Start of Block

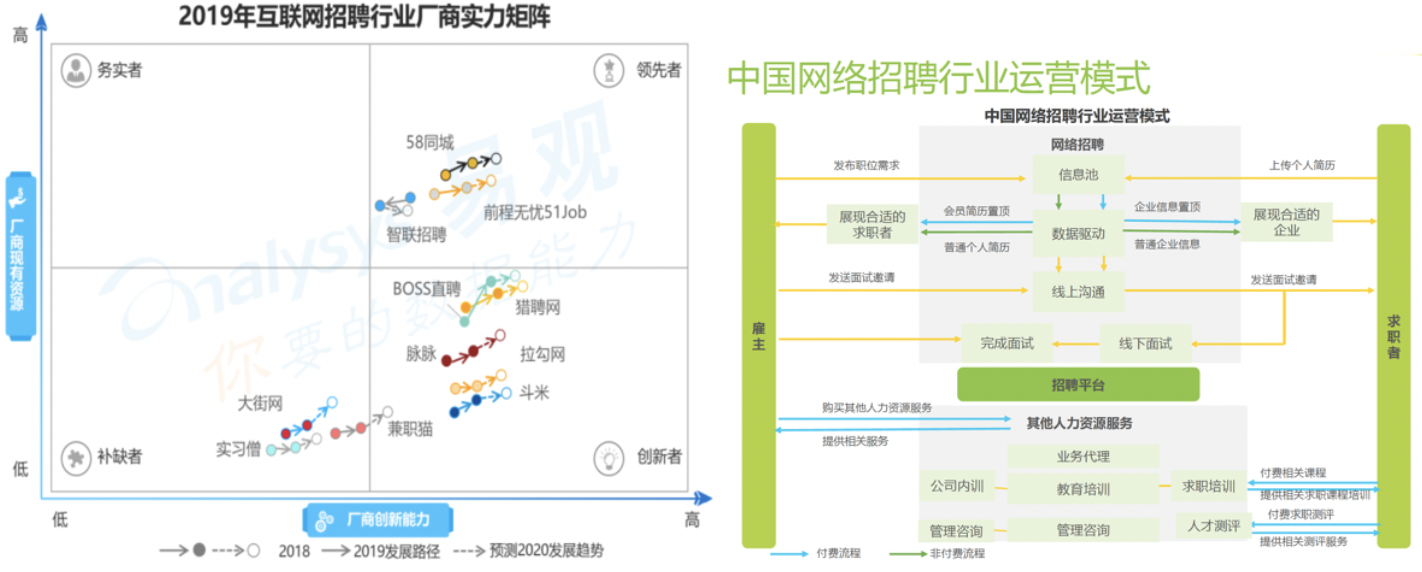 我国网络招聘行业运营模式,主要包括促进招聘方和求职者的信息匹配,以及提供其他相关人力资源服务。通过招聘方发布的职位需求以及求职者填写或上传的资料、简历的信息匹配,促进普通的线上沟通及线下面试,完成常规的求职招聘过程。
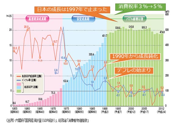 日本経済は消費税を導入した1989年の翌年から成長鈍化し、デフレが始まった。また、消費税率を3%から5%に引き上げた1997年からは縮小が始まった。
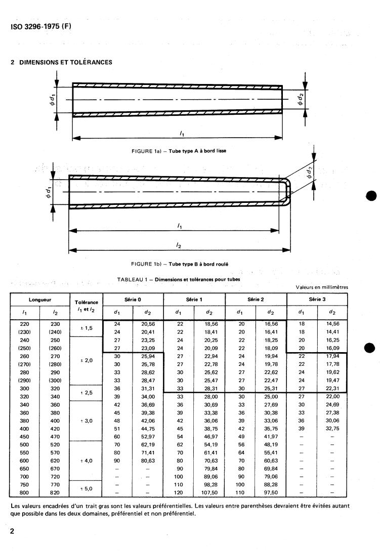 TABLE 1 - Dimensions and tolerances for tubes
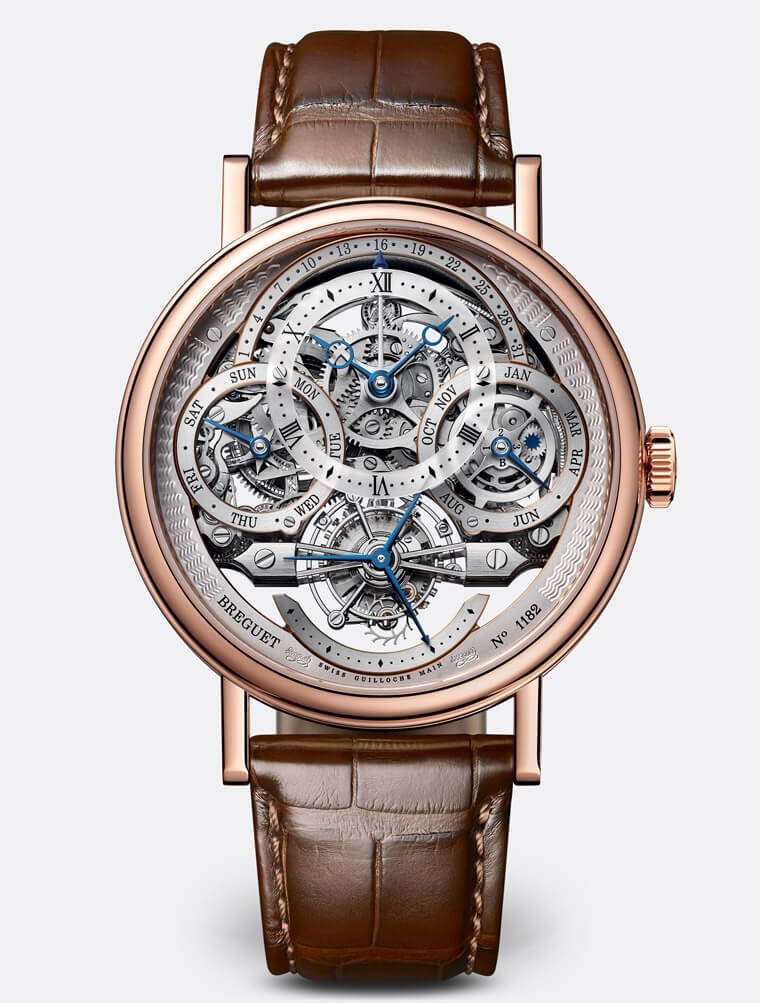 18K玫瑰金材质/558QP3手动上链机芯/偏心时、偏心分、小秒、逆跳日期、星期、月份、闰年显示/陀飞轮装置/万年历功能/蓝宝石水晶镜面、透明底盖/防水30米/表径41mm/参考价:NT$ 7,761,000
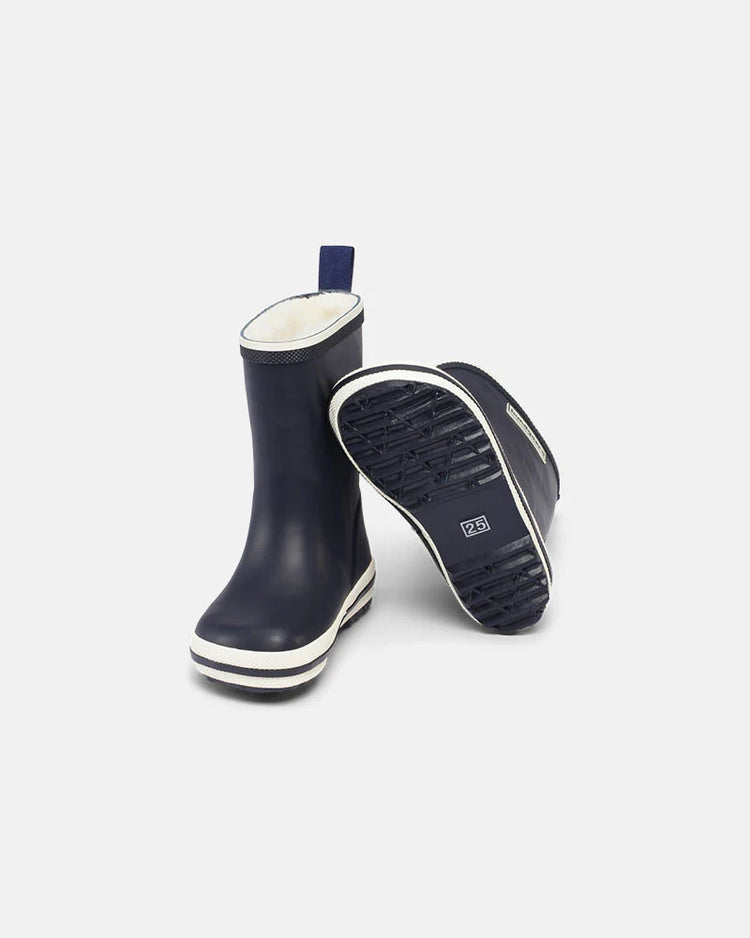 Charly High Warm is the winter version of our popular iconic rubber boot, Charly, which has been part of our collections for many generations. The classic rubber boot is a timeless and reliable choice, perfect for keeping little feet dry and warm during cold and rainy days. It's designed to be durable and long-lasting, with a non-slip sole to provide stability on wet surfaces.
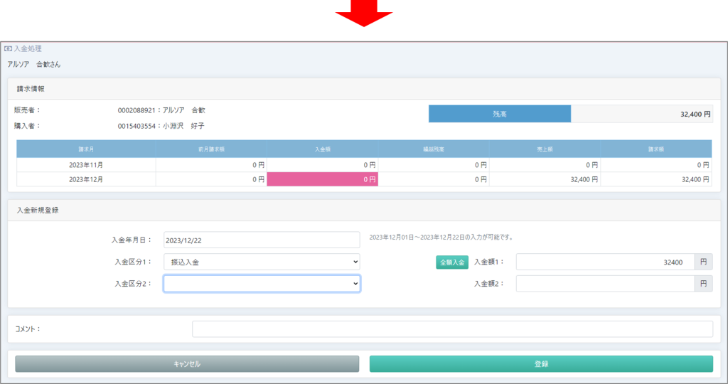 【修正後】当月度の売上に対して、当月日付で入金相殺ができるようになりました

End of Block

■ Exercise objective ■
Nothing but the lines from the line containing "日本経済は消費税を導入した1" through the end of the records belongs in the answer, written out exactly, both ends included, without pictures.

■ Answer section ■
 日本経済は消費税を導入した1989年の翌年から成長鈍化し、デフレが始まった。また、消費税率を3%から5%に引き上げた1997年からは縮小が始まった。
 TABLE 1 - Dimensions and tolerances for tubes
 18K玫瑰金材质/558QP3手动上链机芯/偏心时、偏心分、小秒、逆跳日期、星期、月份、闰年显示/陀飞轮装置/万年历功能/蓝宝石水晶镜面、透明底盖/防水30米/表径41mm/参考价:NT$ 7,761,000
 Charly High Warm is the winter version of our popular iconic rubber boot, Charly, which has been part of our collections for many generations. The classic rubber boot is a timeless and reliable choice, perfect for keeping little feet dry and warm during cold and rainy days. It's designed to be durable and long-lasting, with a non-slip sole to provide stability on wet surfaces.
 【修正後】当月度の売上に対して、当月日付で入金相殺ができるようになりました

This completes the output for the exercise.